§ TASK REQUIREMENTS:
Could the data below please be reproduced word for word, without the pictures?

§ INPUT DATA:
%%

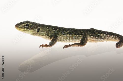 © franciscoelias, Obraz premium Ocelated lizard (Timon lepidus) high key, portrait
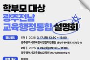 ㈜한국탑뉴스 고화랑 기자 | 광주시교육청이 학부모의 교육행정통합 궁금증을 해소하기 위해 두 차례에 걸쳐 ‘광주·전남 교육행정통합 설명회’를 개최한다. 첫 번째 설명회는 17일 오후 1시30분 광주시민협치진흥원에서 열리며, 이어 24일 오전 9시30분 AI교육원에서도 진행된다. 설명회는 ▲교육행정통합 추진 배경 및 경과 안내 ▲통합 이후 교육정책 변화와 전망 설명 ▲학부모 질의에 대한 답변 등 순으로 운영된다. 특히 이정선 교육감이 교육행정통합 추진 경과, 전망 등을 설명하고 학부모들의 질의에 응답하며 궁금증을 해소할 예정이다. 참여를 희망하는 학부모는 설명회 전까지 통합 플랫폼 ‘광주 학부모와’ 또는 ‘네이버폼’을 통해 신청하면 된다. 시교육청은 많은 학부모가 참여할 수 있도록 학교 가정통신문과 모바일 알림장, 누리집 등을 통해 안내했다. 이정선 교육감은 “광주‧전남 교육행정통합은 미래 교육환경 변화에 대응하기 위한 중요한 과정”이라며 “이번 설명회를 통해 학부모와의 소통을 강화하고 현장의 의견을 수렴해 교육행정통합 정책 추진 과정의 민주성과 투명성을 높아질 것으로 기대한다
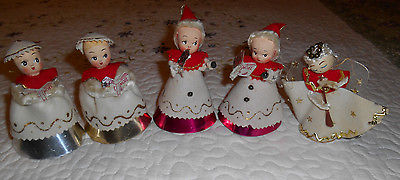 Title (ebay affiliate link): 5 Vntg Spun Cotton Foil Christmas Carolers Angel Ornaments Mercury Glass Japan
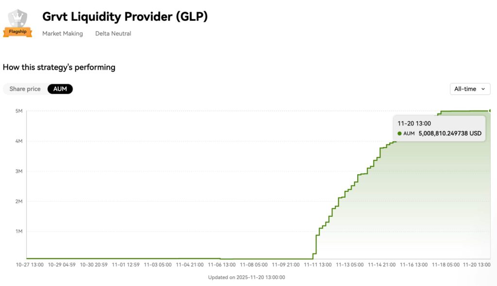 GLP also illustrates how quickly some strategies can attract capital. Indeed, shortly after launch, its $5 million cap filled within a few days. In a post about the rollout, Grvt’s CEO noted early performance metrics and said the team is considering raising the cap due to demand.

%%

§ FINISHED EXERCISE:
 © franciscoelias, Obraz premium Ocelated lizard (Timon lepidus) high key, portrait
 ㈜한국탑뉴스 고화랑 기자 | 광주시교육청이 학부모의 교육행정통합 궁금증을 해소하기 위해 두 차례에 걸쳐 ‘광주·전남 교육행정통합 설명회’를 개최한다. 첫 번째 설명회는 17일 오후 1시30분 광주시민협치진흥원에서 열리며, 이어 24일 오전 9시30분 AI교육원에서도 진행된다. 설명회는 ▲교육행정통합 추진 배경 및 경과 안내 ▲통합 이후 교육정책 변화와 전망 설명 ▲학부모 질의에 대한 답변 등 순으로 운영된다. 특히 이정선 교육감이 교육행정통합 추진 경과, 전망 등을 설명하고 학부모들의 질의에 응답하며 궁금증을 해소할 예정이다. 참여를 희망하는 학부모는 설명회 전까지 통합 플랫폼 ‘광주 학부모와’ 또는 ‘네이버폼’을 통해 신청하면 된다. 시교육청은 많은 학부모가 참여할 수 있도록 학교 가정통신문과 모바일 알림장, 누리집 등을 통해 안내했다. 이정선 교육감은 “광주‧전남 교육행정통합은 미래 교육환경 변화에 대응하기 위한 중요한 과정”이라며 “이번 설명회를 통해 학부모와의 소통을 강화하고 현장의 의견을 수렴해 교육행정통합 정책 추진 과정의 민주성과 투명성을 높아질 것으로 기대한다
 Title (ebay affiliate link): 5 Vntg Spun Cotton Foil Christmas Carolers Angel Ornaments Mercury Glass Japan
 GLP also illustrates how quickly some strategies can attract capital. Indeed, shortly after launch, its $5 million cap filled within a few days. In a post about the rollout, Grvt’s CEO noted early performance metrics and said the team is considering raising the cap due to demand.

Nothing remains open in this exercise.